== Work instruction ==
Look through the records below for the line holding "سهم ریشمک تولید". Write it out exactly, with each following line through the line holding "Tras una reunión".

Segment Start: The data

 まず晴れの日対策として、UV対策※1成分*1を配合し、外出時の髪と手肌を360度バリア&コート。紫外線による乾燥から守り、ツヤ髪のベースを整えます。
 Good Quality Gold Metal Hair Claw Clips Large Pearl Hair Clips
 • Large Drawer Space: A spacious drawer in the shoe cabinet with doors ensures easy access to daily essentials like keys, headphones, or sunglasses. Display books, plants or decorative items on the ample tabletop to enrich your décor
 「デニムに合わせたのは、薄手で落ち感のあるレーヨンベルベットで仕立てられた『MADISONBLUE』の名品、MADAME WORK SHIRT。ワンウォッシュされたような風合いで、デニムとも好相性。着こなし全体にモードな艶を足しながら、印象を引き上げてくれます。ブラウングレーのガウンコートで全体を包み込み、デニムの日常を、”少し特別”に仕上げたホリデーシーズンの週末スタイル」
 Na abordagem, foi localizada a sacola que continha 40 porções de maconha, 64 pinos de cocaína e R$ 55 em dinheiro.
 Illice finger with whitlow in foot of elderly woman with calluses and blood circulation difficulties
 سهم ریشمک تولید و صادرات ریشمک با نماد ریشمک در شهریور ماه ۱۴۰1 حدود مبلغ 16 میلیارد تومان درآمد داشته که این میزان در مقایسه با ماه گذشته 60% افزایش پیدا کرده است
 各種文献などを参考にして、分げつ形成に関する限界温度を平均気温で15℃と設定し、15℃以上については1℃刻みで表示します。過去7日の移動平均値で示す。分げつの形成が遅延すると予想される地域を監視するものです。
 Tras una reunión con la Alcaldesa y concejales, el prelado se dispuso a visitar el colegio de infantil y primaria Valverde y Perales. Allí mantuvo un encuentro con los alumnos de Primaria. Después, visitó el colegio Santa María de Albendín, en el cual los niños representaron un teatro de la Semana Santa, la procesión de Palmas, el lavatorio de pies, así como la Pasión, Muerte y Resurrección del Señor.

Segment End: The data
Segment Start: The data

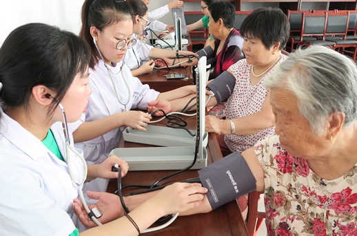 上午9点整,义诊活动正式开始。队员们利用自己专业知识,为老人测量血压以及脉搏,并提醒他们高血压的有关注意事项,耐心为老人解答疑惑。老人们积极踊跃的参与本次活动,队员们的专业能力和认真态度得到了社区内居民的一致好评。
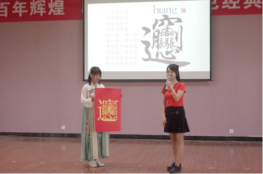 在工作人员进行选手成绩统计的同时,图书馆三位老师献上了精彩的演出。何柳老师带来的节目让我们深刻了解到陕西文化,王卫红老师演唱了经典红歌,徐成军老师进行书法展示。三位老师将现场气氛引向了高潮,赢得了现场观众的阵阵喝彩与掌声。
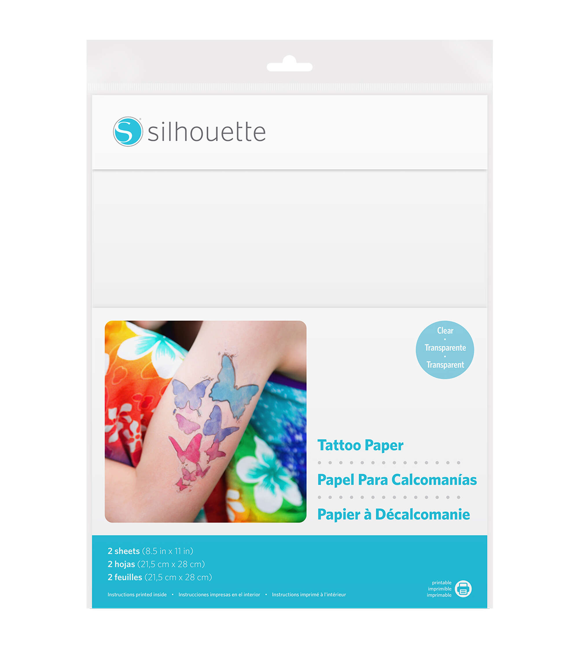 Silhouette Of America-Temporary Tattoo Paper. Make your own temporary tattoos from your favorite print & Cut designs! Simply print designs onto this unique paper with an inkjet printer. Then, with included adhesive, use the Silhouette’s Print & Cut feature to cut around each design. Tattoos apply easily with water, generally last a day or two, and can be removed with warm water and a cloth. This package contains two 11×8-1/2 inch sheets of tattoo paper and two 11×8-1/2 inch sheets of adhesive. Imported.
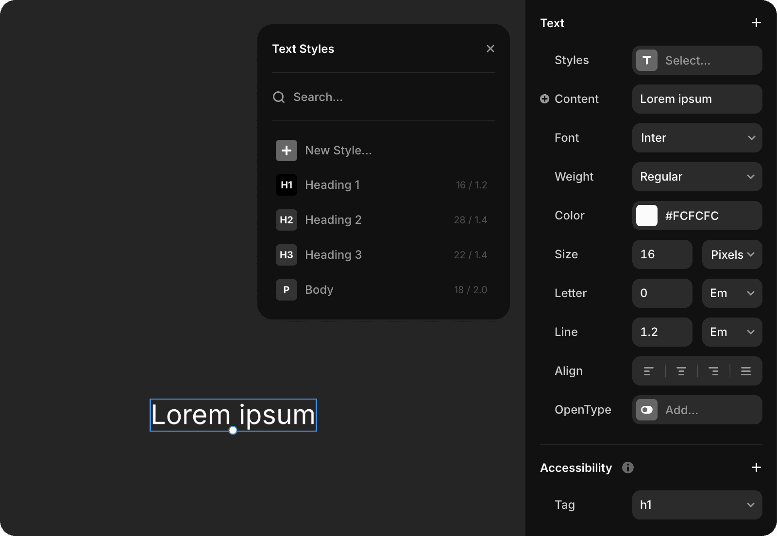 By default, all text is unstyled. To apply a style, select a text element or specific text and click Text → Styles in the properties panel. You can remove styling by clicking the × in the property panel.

Segment End: The data
Segment Start: The data

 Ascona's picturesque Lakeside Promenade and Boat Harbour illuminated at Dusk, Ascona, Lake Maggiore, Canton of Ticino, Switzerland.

Segment End: The data

== Exercise answer ==
 سهم ریشمک تولید و صادرات ریشمک با نماد ریشمک در شهریور ماه ۱۴۰1 حدود مبلغ 16 میلیارد تومان درآمد داشته که این میزان در مقایسه با ماه گذشته 60% افزایش پیدا کرده است
 各種文献などを参考にして、分げつ形成に関する限界温度を平均気温で15℃と設定し、15℃以上については1℃刻みで表示します。過去7日の移動平均値で示す。分げつの形成が遅延すると予想される地域を監視するものです。
 Tras una reunión con la Alcaldesa y concejales, el prelado se dispuso a visitar el colegio de infantil y primaria Valverde y Perales. Allí mantuvo un encuentro con los alumnos de Primaria. Después, visitó el colegio Santa María de Albendín, en el cual los niños representaron un teatro de la Semana Santa, la procesión de Palmas, el lavatorio de pies, así como la Pasión, Muerte y Resurrección del Señor.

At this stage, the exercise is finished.